Sasajima Toshio, Takahashi Masataka, Kinouchi Hiroyuki, Suzuki Akira, Mizoi Kazuo
Department of Neurosurgery, Akita University School of Medicine, 1-1-1 Hondo, Akita 010-8543, Japan.
No To Shinkei. 2003 Mar;55(3):233-40.
Between 1985 and 2001, eight patients with intracranial ependymomas underwent surgery at our hospital. The cases included six infratentorial ependymomas, one supratentorial ependymoma and one supratentorial anaplastic ependymoma. Infratentorial ependymomas were classified according to origin and extension. The lateral type tumors originated from the lateral part of the fourth ventricle in four cases. The midfloor type tumors originated from the inferior half of the fourth ventricular floor in two cases. The three totally resected tumors were the lateral type tumors. The remaining one case with the lateral type tumor underwent nearly total resection of the tumor, since the tumor involved lower cranial nerves. All patients with the midfloor type tumors underwent incomplete resections of the tumors, because the tumors infiltrated into brain stem. Lower cranial nerve involvement and brain stem invasion implied incomplete resection and had the poor prognosis. In intracranial ependymomas, all four patients with total resections have been alive, whereas three of four patients with incomplete resections have died. The mean survival time of all patients with intracranial ependymomas was 127 months from the time of the initial surgery. There were no deaths in the patients with tumors showing MIB-1 index < 10% (n = 4). The mean survival time of the patients with tumors showing MIB-1 index > or = 10% (n = 4), was 30 months. The extent of the resection, the age of the patients and MIB-1 index are important factors in the outcome in patients with intracranial ependymomas. Two representative children aged less than 3 years with the midfloor type tumors were presented. In a patient treated with conventional radiation and chemotherapy, residual tumor repeatedly enlarged within 12 months despite several resections of the tumor. The patient died 32 months after the initial resection. In contrast, the other patient received multidisciplinary treatment including Linac stereotactic radiotherapy (SRT) with a marginal dose of 27 Gy in 9 fractions, have been still alive for 45 months after the initial resection. The residual tumor slightly decreased in size and remained stable without evident growth 12 months after SRT. SRT may provide good local control for patients with intracranial ependymomas and have a favorable impact on survival.

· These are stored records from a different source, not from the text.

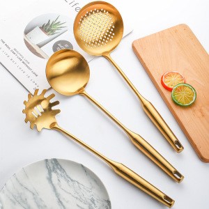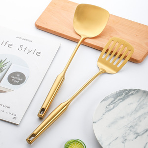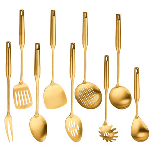 亚马逊304金色厨具9件套汤勺漏勺炒铲煎铲肉叉厨房餐厅防烫烹饪勺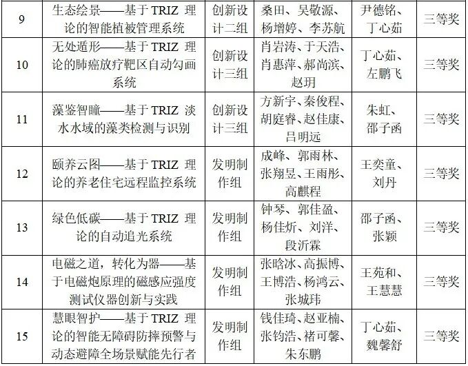 我想特别感谢郑老师、田老师、邵老师,以及我的队友们。郑老师从系统与工程化的角度为项目把关,田老师在创新路径与资源链接上提供方向性指导,邵老师在TRIZ工具选型、应用与表达训练上手把手指导。获奖固然可喜,但更让我珍惜的,是在这个过程中,我学会了怎样把复杂问题变得可讨论、可验证、可落地——这大概就是TRIZ带给我的底气:不依赖灵光一现,而是用系统化的工具,把创新从偶然变为尽可能的必然。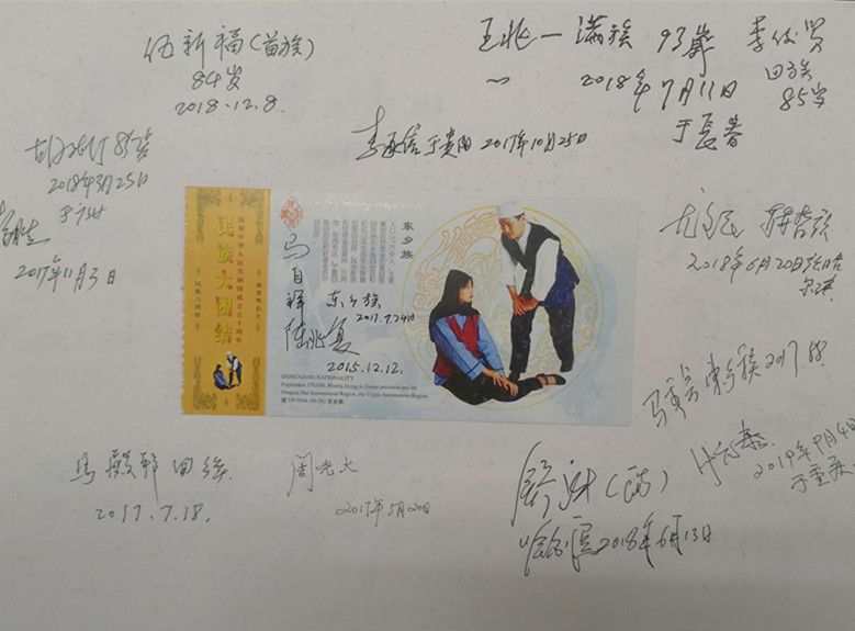 在采集口述影像錄音資料的同時,項目組還收集了大量的珍貴歷史照片以及相關文物。值得一提的是,他們設計了一種非常有特色的受訪者簽名簿,中間貼著繪有56個民族的音樂舞蹈圖案的首日封或明信片,四周簽上受訪者的人名簽名字、民族特征,有些還用民族文字書寫,體現(xiàn)了中華各民族團結在一起的精神風貌。簽名簿有厚厚的幾大本,設計精美,承載著民族工作口述史資源采集的經(jīng)歷,具有豐富的文化內(nèi)涵和博物館收藏價值。

1985年至2001年间,我院有8例颅内室管膜瘤患者接受了手术治疗。病例包括6例幕下室管膜瘤、1例幕上室管膜瘤和1例幕上间变性室管膜瘤。幕下室管膜瘤根据起源和扩展情况进行分类。外侧型肿瘤4例起源于第四脑室外侧部。中间底部型肿瘤2例起源于第四脑室底部下半部。3例肿瘤全切除的均为外侧型肿瘤。其余1例外侧型肿瘤患者因肿瘤累及低位颅神经,行肿瘤次全切除。所有中间底部型肿瘤患者均行肿瘤部分切除,因为肿瘤浸润至脑干。低位颅神经受累和脑干侵犯提示手术切除不完全,预后较差。在颅内室管膜瘤中,4例全切除患者均存活,而4例部分切除患者中有3例死亡。颅内室管膜瘤患者从初次手术时起的平均生存时间为127个月。MIB-1指数<10%的患者(n = 4)无死亡病例。MIB-1指数≥10%的患者(n = 4)平均生存时间为30个月。手术切除范围、患者年龄和MIB-1指数是颅内室管膜瘤患者预后的重要因素。介绍了2例具有代表性的年龄小于3岁的中间底部型肿瘤患儿。1例接受传统放疗和化疗的患者,尽管多次切除肿瘤,但残余肿瘤在12个月内仍反复增大。患者在初次切除后32个月死亡。相比之下,另1例患者接受了多学科治疗,包括直线加速器立体定向放射治疗(SRT),边缘剂量为27 Gy,分9次给予,初次切除后已存活45个月。放疗后12个月,残余肿瘤体积略有减小,保持稳定,无明显生长。SRT可为颅内室管膜瘤患者提供良好的局部控制,并对生存产生有利影响。